Master the stage: To hold off student loan delinquency, always be punctual with your loan payments. Consider creating a budget to ensure you don’t fall behind. Setting up autopay is another good strategy and could also net an interest rate reduction of 0.25% to 0.50% — just make sure not to overdraft your bank account.
At some point after getting the hang of your student loans, your short-term repayment goals could change. Inevitably, you might want — or need — to optimize your repayment.
If you seek convenience, for example, there are two ways to turn your handful of loans into a single monthly payment:
- You could group your federal loans with a servicer of your choice by employing a direct consolidation loan.
- Somewhat similarly, student loan refinancing offers convenience and, potentially, cost-reduction. It allows you to consolidate your federal and private loans — and it can reduce your interest rate if you (or your cosigner) have strong credit.
If you must adjust your repayment to make ends meet, on the other hand, you have further options. You could reduce your federal loan payments using an income-driven repayment plan, or press pause on your payments with deferment or forbearance.
These payment postponement options, available in a more limited fashion from private lenders, could be especially helpful if you suffer a job loss or other economic hardship. If you don’t seek the support you need now, you could find yourself later on with the unhappy task of rehabilitating a defaulted loan, for example.
Master the stage: Obsessing over your budget will only get you so far, so keep in mind that optimizing your loan repayment could require increasing your income. The more money you have coming in — whether it’s from a raise, side hustle, tax refund or other windfall — the less you’ll have to sacrifice.
Hopefully, mastering the first five stages of your borrowing life will pave the way for this sixth and final stage. By the time you get to this one, your route to being debt-free should be clear.
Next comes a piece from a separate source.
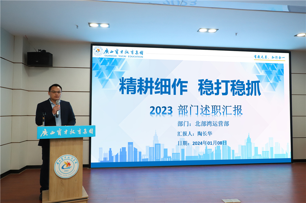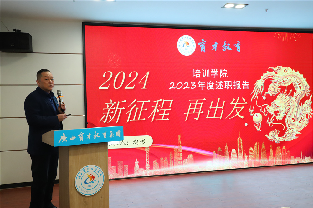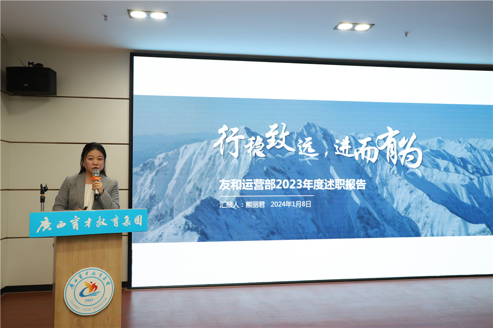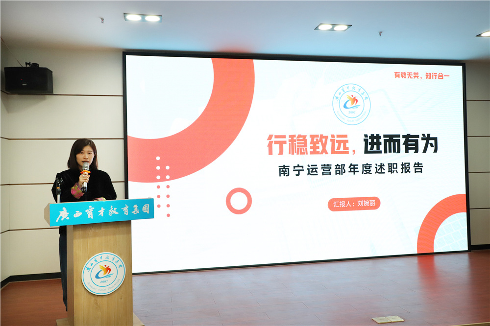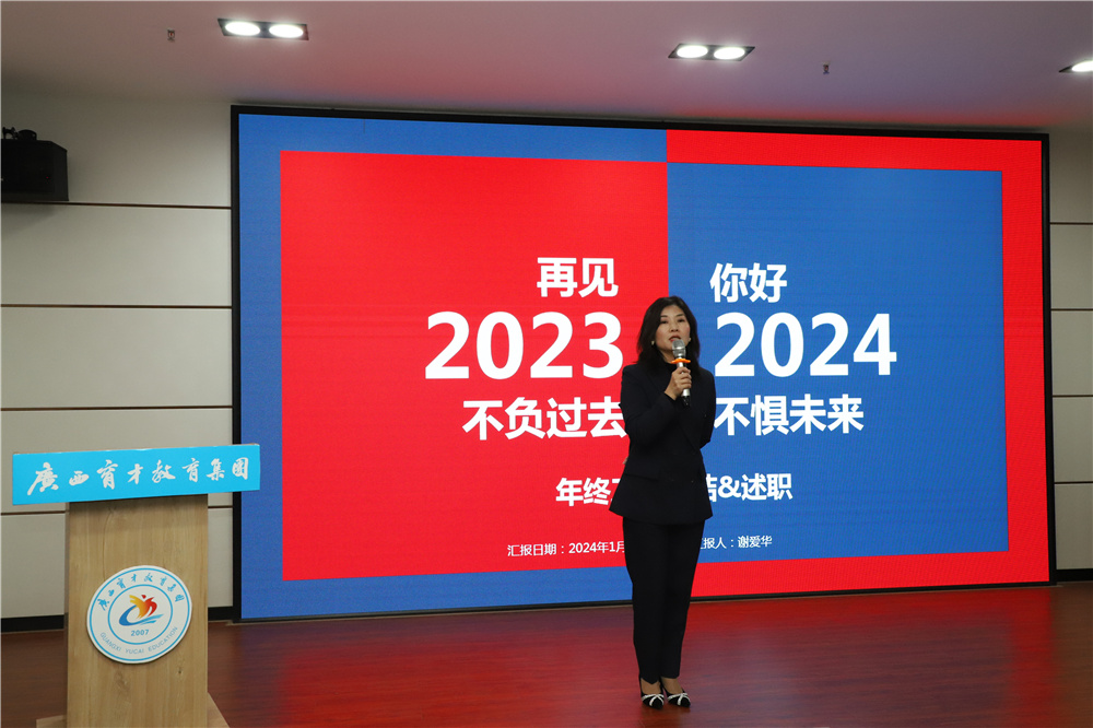 賦能增效,向新而行。為了更好地回顧2023年所取得的成績(jī)以及部署2024年重點(diǎn)工作計(jì)劃,進(jìn)一步統(tǒng)一思想,凝聚力量,1月8日,集團(tuán)在柳州屏山校區(qū)召開(kāi)2023年終述職大會(huì),柳州市委組織部派駐集團(tuán)黨委第一書(shū)記冼慶榮,集團(tuán)黨委書(shū)記、董事長(zhǎng)蔣華,黨委副書(shū)記、副校長(zhǎng)王志,黨委委員、副校長(zhǎng)李彩梅、蔣亮、王麗,專家工作室首席專家李紅文老師,專家工作室培訓(xùn)總監(jiān)高月亮老師以及各部門(mén)部長(zhǎng)、副部長(zhǎng)共40余人參加了會(huì)議。
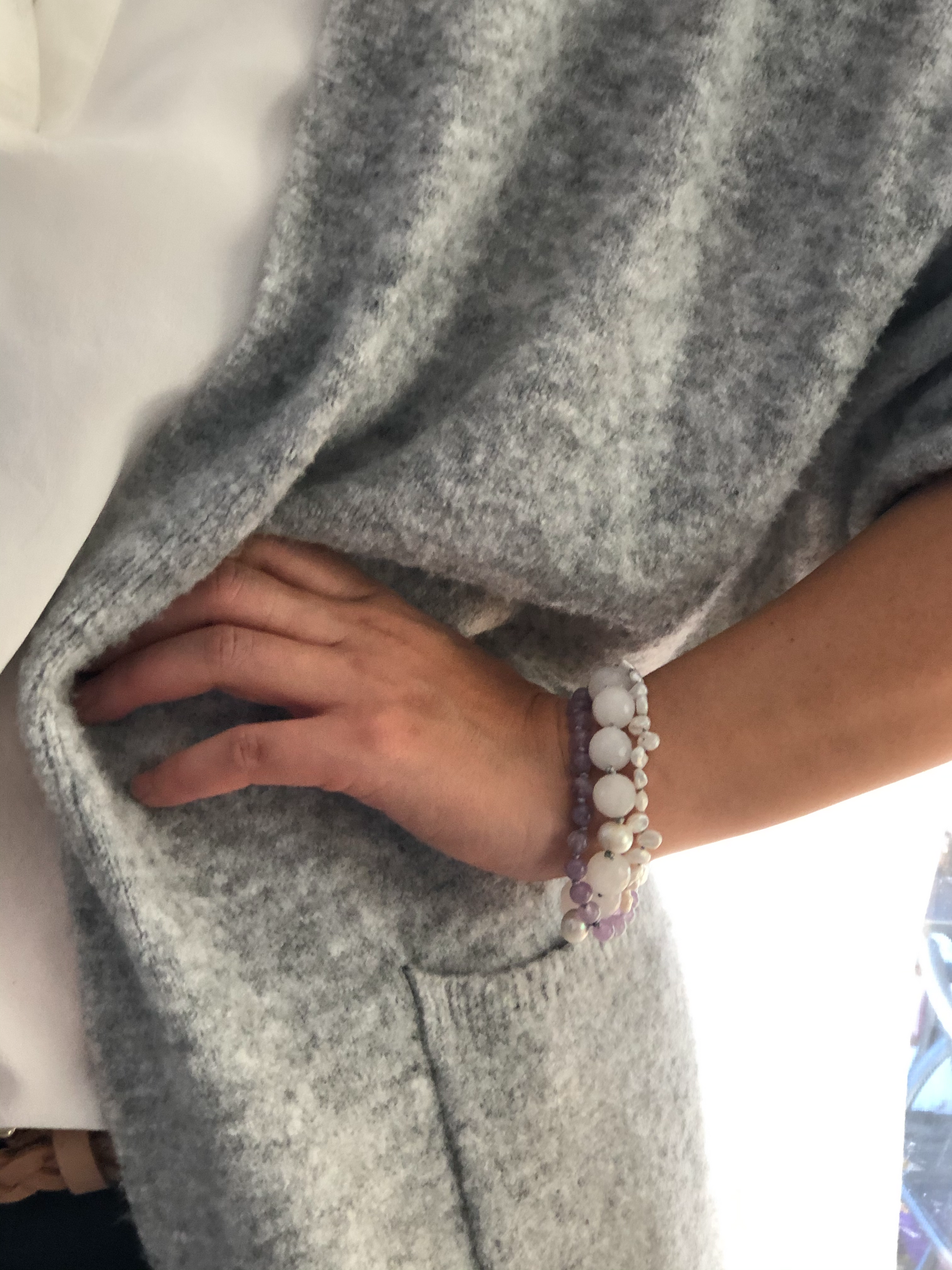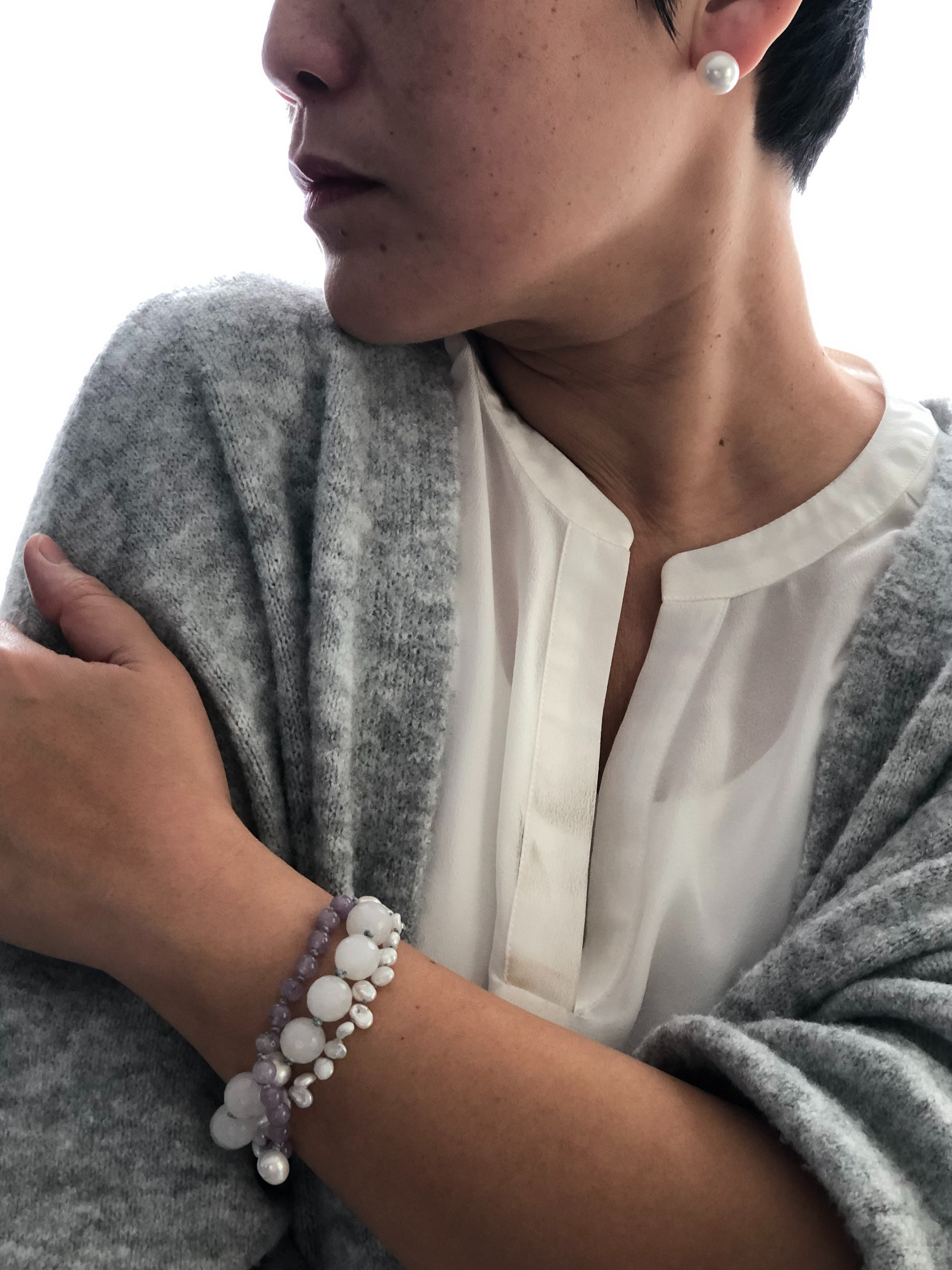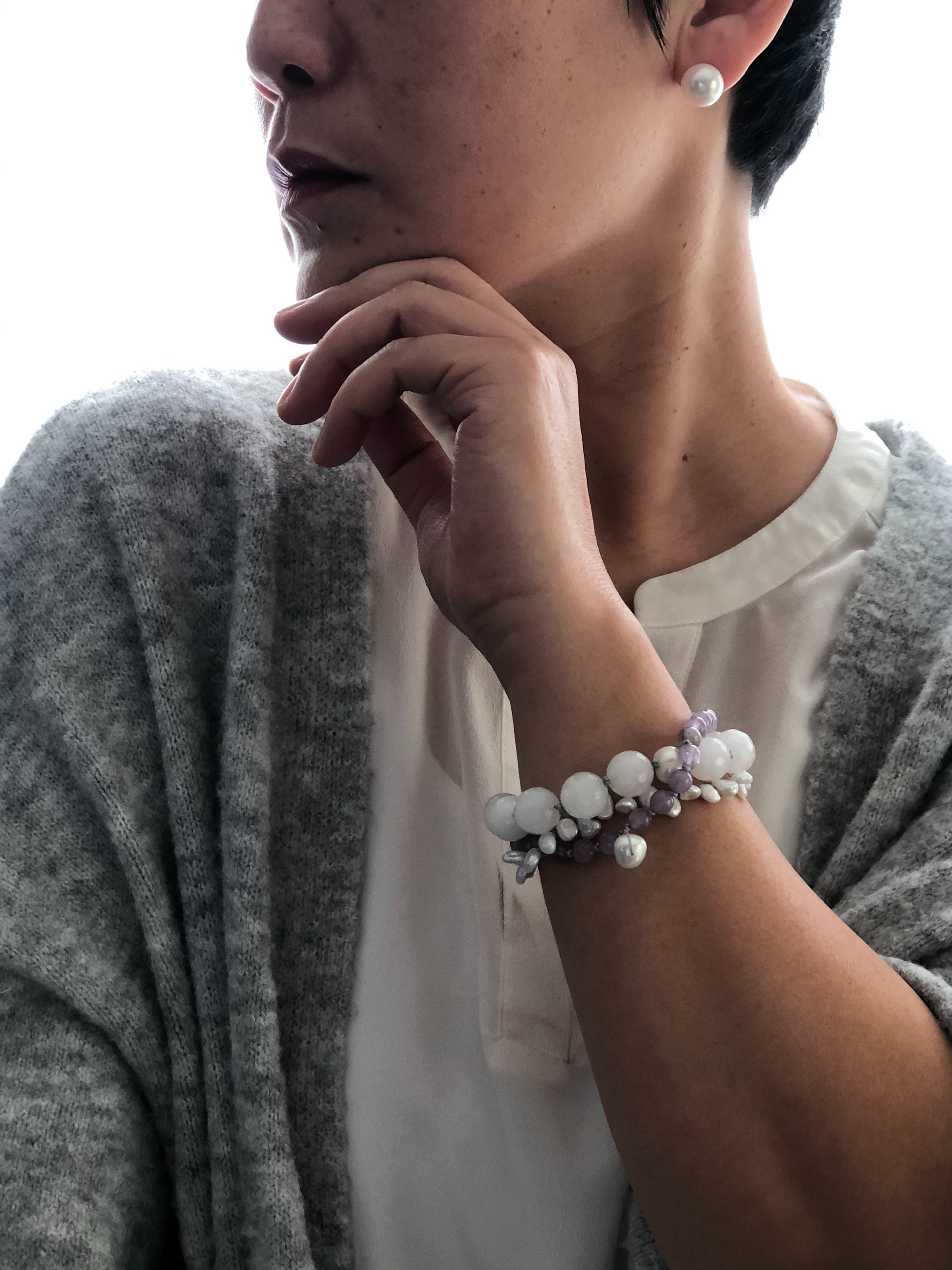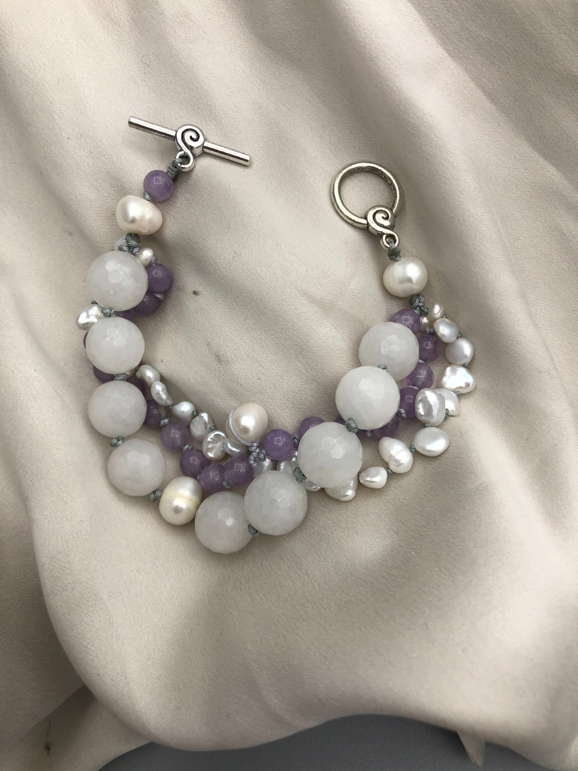 Materials : Amethyst, fresh water pearl, white agate

When you are within reach of your final loan payment, ensure that you have enough income and savings left over for emergencies. With that cushion confirmed, go ahead and click submit one last time, keeping a receipt for your records.
You might already be poised to build up your emergency fund, increase your retirement investing or accomplish another financial objective. Before moving onto your next big aim — perhaps a home mortgage? — take stock of how far you’ve come. A dispatched student loan debt is an occasion to be celebrated, especially with the people who helped you along the way.
Master the stage: Request a debt payoff confirmation from your lender so that a zombie debt doesn’t come back to haunt you.
Master every stage of your student loan experience
Where are you in the life cycle of a student loan borrower?
If you’re a high school or college student (or the parent of one), you know where to begin.
Even if you’ve already borrowed and don’t enjoy the fresh start of a wide-eyed teen, however, you can still master whatever stage comes next in your repayment. From receiving your loan to paying it off, take the next step to end your debt faster than you might have thought possible.